-- WORK INSTRUCTIONS --
Please repeat every entry exactly as written, but skip the pictures.

━━━━

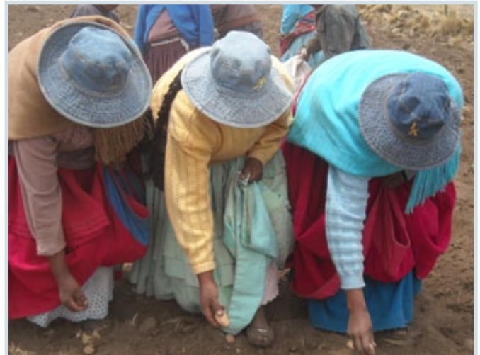
A group of women learn and implement new agriculture techniques as part of the PRAA project in Bolivia.

While farming and livestock activities remain important, mining (extraction of gold and the presence of a deposit of calcium carbonate) has recently become a complementary
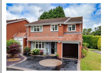
2 Brompton Lawns, Tettenhall Wood, Wolverhampton
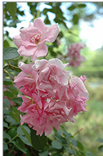
Climbing Pinkie Rose flowers

Climbing Pinkie Rose is recommended for the following landscape applications;
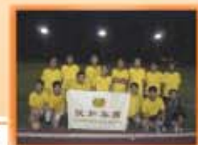
Click and enlarge image

Chun Wo Soccer Team participated in the CITA Football Cup and Corporate Games 2007 to beat with various business and industry counterparts. The Company strives to target employees' work-life balance by organizing staff recreation activities including soccer, basketball, badminton and charity work.
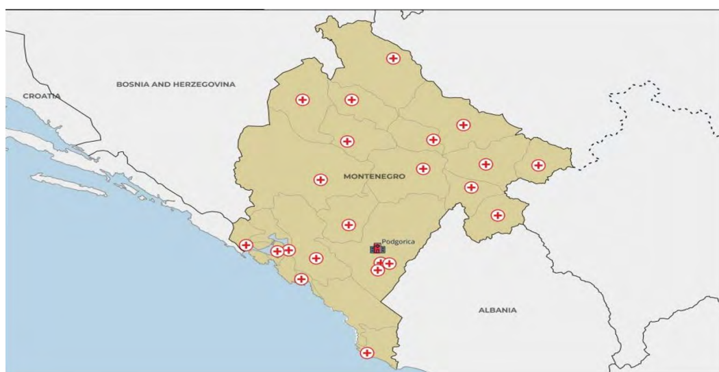
Map of Red Cross of Montenegro branches and sub-branches

In 2024 , the Red Cross of Montenegro reached around 70,000 people through its long-term services and development programmes and almost 6,000 people through its disaster response and early recovery programmes.
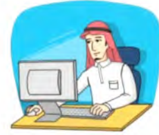
computer technician p42 فني حاسب
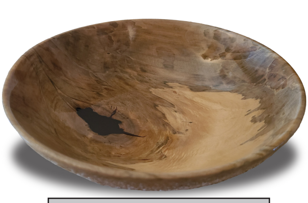
Sugar Maple Bowl - Bob Stafford
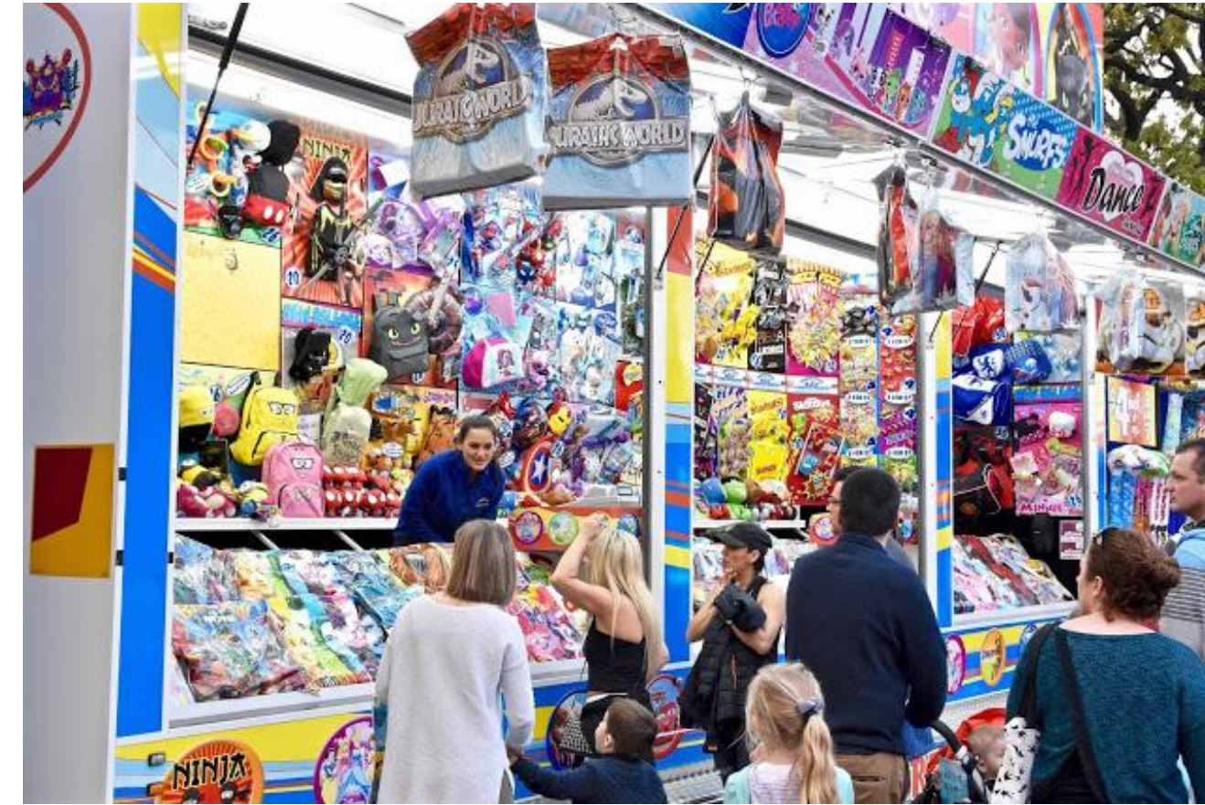
Both pictures show people in lines looking and buying show bags.

I might like to look at the showbags, and I might be able to buy one or some. There are lots of different showbags to choose from, and they all cost money to buy. I might not be able to buy all the ones I want. Sometimes the showbag I want may be sold out and I might need to choose a different one.
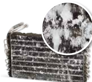
Without A/C maintenance
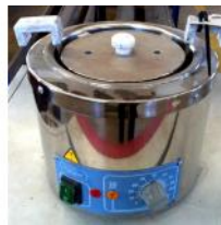
Reference: BPS-045 THERMOSTATIC BATH Year: . Brand: RAYPA
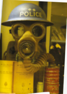
Looking at some original Police helmets
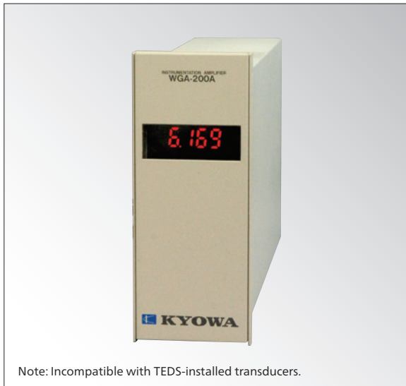
Note: Incompatible with TEDS-installed transducers.
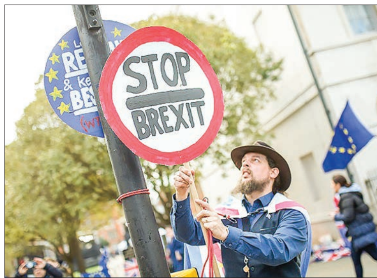
A demonstrator holds a placard outside the Houses of Parliament in London, Britain, March 11, 2019.

LONDON — A national petition to the British Parliament calling for Brexit to be cancelled received more than 2 million signatures by Thursday night.
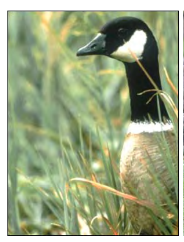
Figure 22: Aleutian goose.
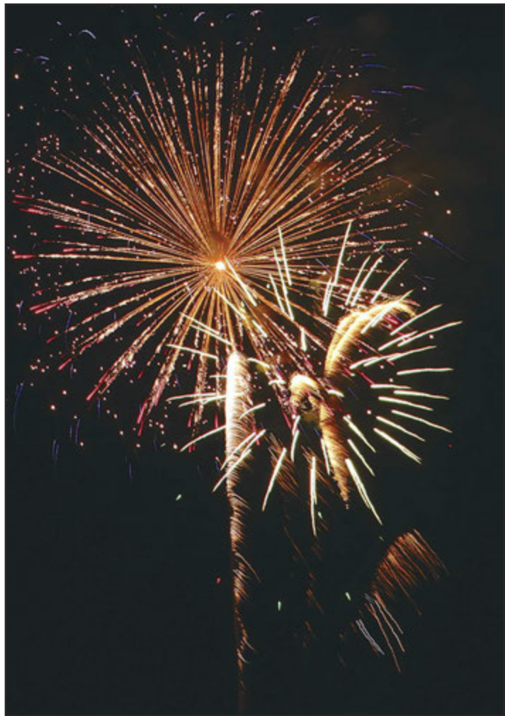
Independence will offer two fireworks displays.

Dallas' fireworks show doesn't boast the history of the Western Days display, but it's no less impressive. The show begins around 10 p.m. on July 4 and is put on by Dallas Fire & EMS and gives locals a chance to take in an impressive display without having to travel.
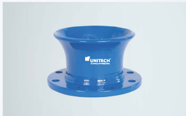
Bellmouth, K12/K14 Nominal Size : 80mm - 1800mm
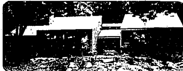
COMMERCE. Spectacular Contemporary features walls of windows, views of Lower Strata Lake, woods and privacy. Fabulous gourmet kitchen. Atrium, waterfalls, great room, library and 2-story foyer. Impressive master suite with 3-sided fireplace. Indulgent master bath features an Italian marble fireplace and much more! $439,000 851-8100 06-B-7381
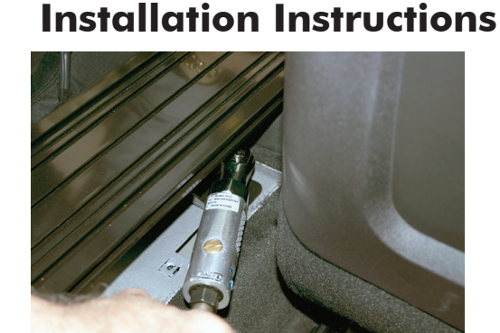
Remove (2) 8mm mounting screws at the rear mounting point of the aluminum floorplate. Screws will be re-used. This will allow the removal of the OEM aluminum floorplate and brackets.

━━━━

-- RESPONSE BOX --
A group of women learn and implement new agriculture techniques as part of the PRAA project in Bolivia.

While farming and livestock activities remain important, mining (extraction of gold and the presence of a deposit of calcium carbonate) has recently become a complementary
2 Brompton Lawns, Tettenhall Wood, Wolverhampton
Climbing Pinkie Rose flowers

Climbing Pinkie Rose is recommended for the following landscape applications;
Click and enlarge image

Chun Wo Soccer Team participated in the CITA Football Cup and Corporate Games 2007 to beat with various business and industry counterparts. The Company strives to target employees' work-life balance by organizing staff recreation activities including soccer, basketball, badminton and charity work.
Map of Red Cross of Montenegro branches and sub-branches

In 2024 , the Red Cross of Montenegro reached around 70,000 people through its long-term services and development programmes and almost 6,000 people through its disaster response and early recovery programmes.
computer technician p42 فني حاسب
Sugar Maple Bowl - Bob Stafford
Both pictures show people in lines looking and buying show bags.

I might like to look at the showbags, and I might be able to buy one or some. There are lots of different showbags to choose from, and they all cost money to buy. I might not be able to buy all the ones I want. Sometimes the showbag I want may be sold out and I might need to choose a different one.
Without A/C maintenance
Reference: BPS-045 THERMOSTATIC BATH Year: . Brand: RAYPA
Looking at some original Police helmets
Note: Incompatible with TEDS-installed transducers.
A demonstrator holds a placard outside the Houses of Parliament in London, Britain, March 11, 2019.

LONDON — A national petition to the British Parliament calling for Brexit to be cancelled received more than 2 million signatures by Thursday night.
Figure 22: Aleutian goose.
Independence will offer two fireworks displays.

Dallas' fireworks show doesn't boast the history of the Western Days display, but it's no less impressive. The show begins around 10 p.m. on July 4 and is put on by Dallas Fire & EMS and gives locals a chance to take in an impressive display without having to travel.
Bellmouth, K12/K14 Nominal Size : 80mm - 1800mm
COMMERCE. Spectacular Contemporary features walls of windows, views of Lower Strata Lake, woods and privacy. Fabulous gourmet kitchen. Atrium, waterfalls, great room, library and 2-story foyer. Impressive master suite with 3-sided fireplace. Indulgent master bath features an Italian marble fireplace and much more! $439,000 851-8100 06-B-7381
Remove (2) 8mm mounting screws at the rear mounting point of the aluminum floorplate. Screws will be re-used. This will allow the removal of the OEM aluminum floorplate and brackets.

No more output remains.